• [Required work]: Only the lines from the one that contains "Слайд 20Игрушки для детей от 1,5 – 2 лет" through the last line of the data below should be duplicated, exactly and without pictures.

• [Recorded data]:
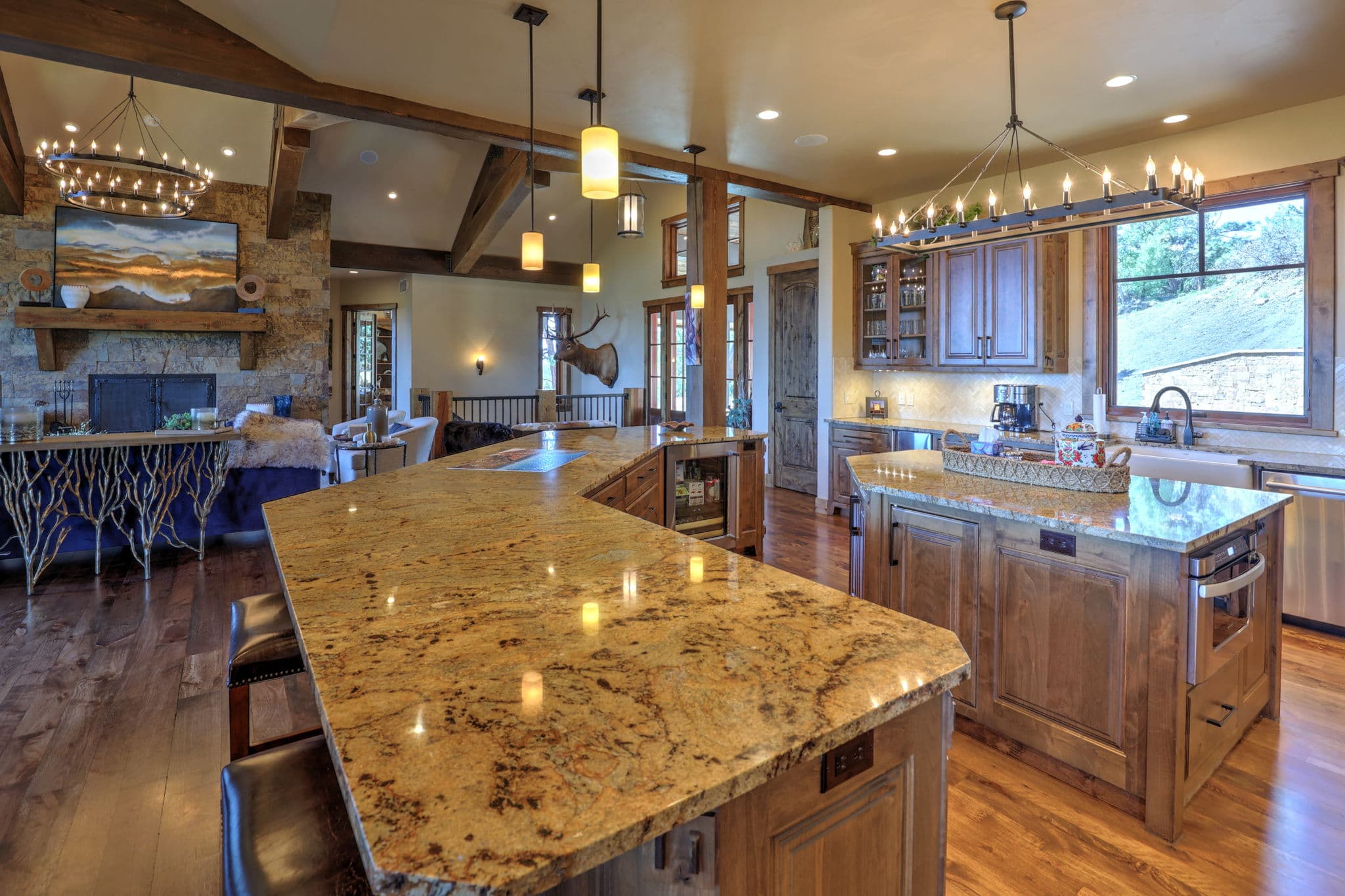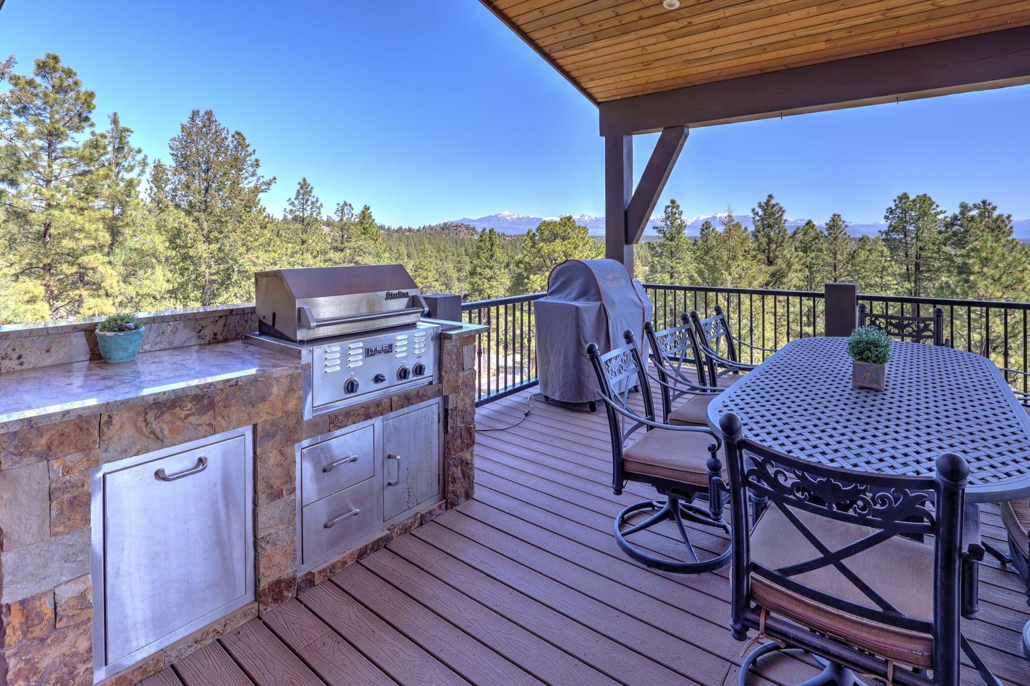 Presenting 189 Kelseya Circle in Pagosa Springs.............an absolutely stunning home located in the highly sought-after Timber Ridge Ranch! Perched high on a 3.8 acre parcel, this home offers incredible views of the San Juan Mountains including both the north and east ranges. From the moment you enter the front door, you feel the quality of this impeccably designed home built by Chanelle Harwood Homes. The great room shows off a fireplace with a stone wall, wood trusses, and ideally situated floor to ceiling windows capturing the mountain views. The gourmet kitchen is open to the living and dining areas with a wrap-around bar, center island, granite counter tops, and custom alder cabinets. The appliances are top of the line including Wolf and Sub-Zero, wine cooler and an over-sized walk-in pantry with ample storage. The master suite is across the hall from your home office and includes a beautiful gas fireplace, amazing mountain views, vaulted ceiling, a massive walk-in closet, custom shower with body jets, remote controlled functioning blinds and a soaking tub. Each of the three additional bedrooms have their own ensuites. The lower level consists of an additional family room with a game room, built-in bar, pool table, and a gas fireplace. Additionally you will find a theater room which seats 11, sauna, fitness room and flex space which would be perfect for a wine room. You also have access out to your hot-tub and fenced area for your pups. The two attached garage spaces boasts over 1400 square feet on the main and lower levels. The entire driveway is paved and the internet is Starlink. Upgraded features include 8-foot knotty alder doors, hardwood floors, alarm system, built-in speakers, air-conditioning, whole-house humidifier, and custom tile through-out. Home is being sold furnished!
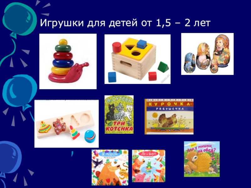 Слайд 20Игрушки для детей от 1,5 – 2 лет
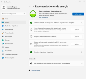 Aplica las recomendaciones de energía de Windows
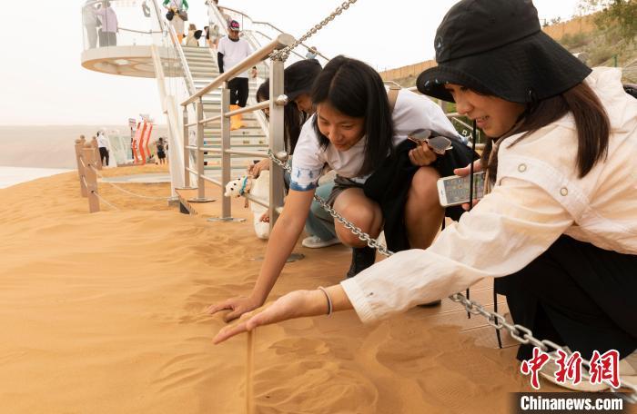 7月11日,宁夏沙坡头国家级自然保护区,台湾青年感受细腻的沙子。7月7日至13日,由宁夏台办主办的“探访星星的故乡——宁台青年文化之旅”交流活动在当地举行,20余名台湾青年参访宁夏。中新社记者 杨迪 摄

• [Output below]:
 Слайд 20Игрушки для детей от 1,5 – 2 лет
 Aplica las recomendaciones de energía de Windows
 7月11日,宁夏沙坡头国家级自然保护区,台湾青年感受细腻的沙子。7月7日至13日,由宁夏台办主办的“探访星星的故乡——宁台青年文化之旅”交流活动在当地举行,20余名台湾青年参访宁夏。中新社记者 杨迪 摄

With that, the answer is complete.